Mais hier matin, qu’en dire? Au balcon de nos cœurs serrés, La Seine charriant sa peine Coulait dévitalisée Sous une sainte dent cariée
Et le ciel revenu à l’hiver Qu’un peintre figurerait sans teinte.
Les ponts transis sous les cieux Et la foule en hoquets silencieux Pèlerinant aux flammes éteintes
Du grand voilier de Notre-Dame, Si soudainement éventré, Encore immense mais ventre creux De son mât brisé dans les flammes Soute à blessures incandescentes La foule comme une vaste absente S’exclamait d’un même Cœur: c’est affreux!
Même les athées, les mécréants, Peu avares en paroles indécentes, Les regrettaient, oui, malgré eux, Comme les remords Qui nous hantent.
Et Notre-Dame debout dans l’aube, Meurtrie dans ses transepts, Phare sans halo cherchant sa faute, Ou quelque erreur ou quelque dette, Borgne dans les gyrophares, Etourdie, assommée, hébétée Mais ses tours en deux bras levés Semblant dire Je vous protège: C’est pour vous que j’ai flambé. Taillés chaque jour dans mes pierres Des versants de soleil et de neige Pour voir si vous me survivrez. Car je suis là pour vous, Chaque jour après chaque jour, Hier, demain, demain, hier, Et je le serai toujours Ô combien, vous le savez! Même si je devais M’enfoncer en terre.
Tandis que j’écris ceci, mon libraire, D’une mine qui n’est pas gourmande Car lui aussi est accablé, S’en vient arroser mes blés Confiant que sa première commande Dès qu’il a ouvert son rideau Fut celle d’un Victor Hugo.
Le titre, mon Dieu, on en sourit. Pas la peine d’en faire le pari. On en connaît tous les couplets De la comédie musicale. C’est Notre-Dame de Paris Et en Pléiade, s’il vous plaît! Revoici donc en librairie Le temps des cathédrales.
On se souvient qu’en son récit, Hugo décrit un incendie. En sera-t-on surpris C’est celui d’un chariot de flammes, Mais oui monsieur, mais oui madame, De Notre-Dame de Paris. Les poètes sont visionnaires. Jamais en ciel, jamais sur terre. Ce qu’ils écrivent, c’est Je le veux. Ils agitent leurs flambeaux nerveux En regardant très droit devant Et sont commandés par le vent
C’est un peu comme Charlie Hebdo Ou les Twins qui s’effondrèrent. Ce qui nous reste si fort en tête, Ces traumatismes de tempête, A nous retourner le cerveau, Font vibrer sous nos pieds le sol En racines d’un espoir fol.

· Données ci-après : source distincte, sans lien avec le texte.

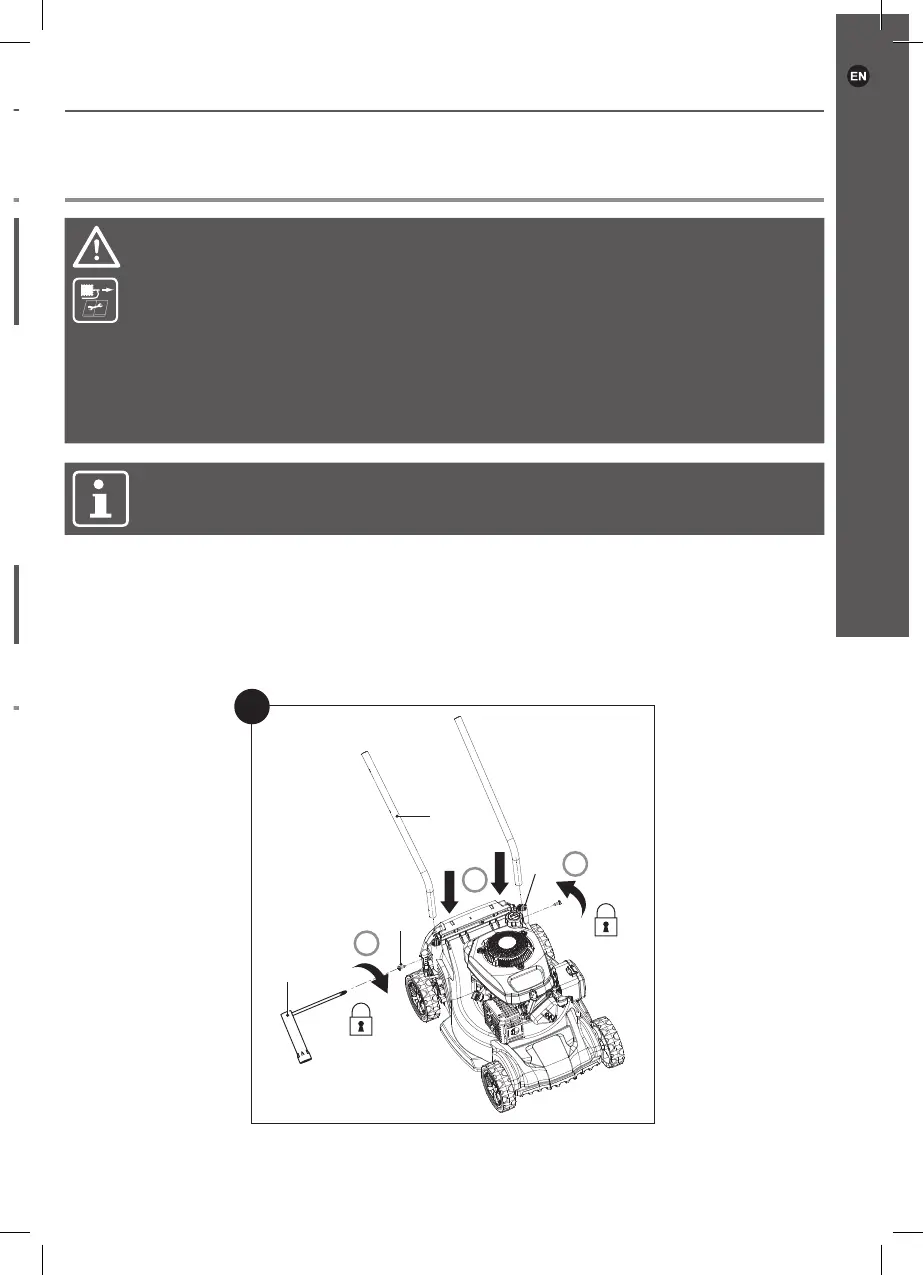 Insert the lower handle bars (5) into the handle supports (17). Align the mounting
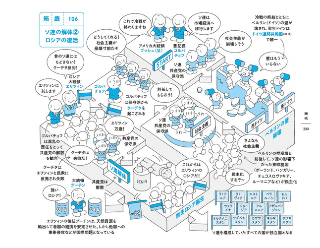 ゆるいタッチのイラストで描かれたクォータービュー(箱庭)とわかりやすい文章で、世界史の全体像とその流れをザックリ掴むことができます。

Aussitôt le cœur bat plus fort. Dans les meurtrissures voit un fort. Une résistance, ouais, ouais, ouais! La tête au ciel, les pieds sur terre Comme nous le rappela Hemingway Pour qui Paris fut une fête. La chaîne d’un puissant pont-levis. Et dans le drame comme une ivresse. Un alcool venu du sang. Un pied de nez à la détresse. Tout ce qui est puissant puissant. Bref tout ce qui ressemble à la vie.
Notre-Dame est debout. Debout, debout, debout, c’est tout. Avec elle, Paris brisé, martyrisé, Mais aucun espoir n’est perdu. Et tout violent coup sur la tête Est renaissance dans la rue.
Les cathédrales sont des navires Aux proues comme des rosaces. Des poèmes qui nous dépassent. Le meilleur qui recouvre le pire. Face à leur appétit Comme le nôtre est petit!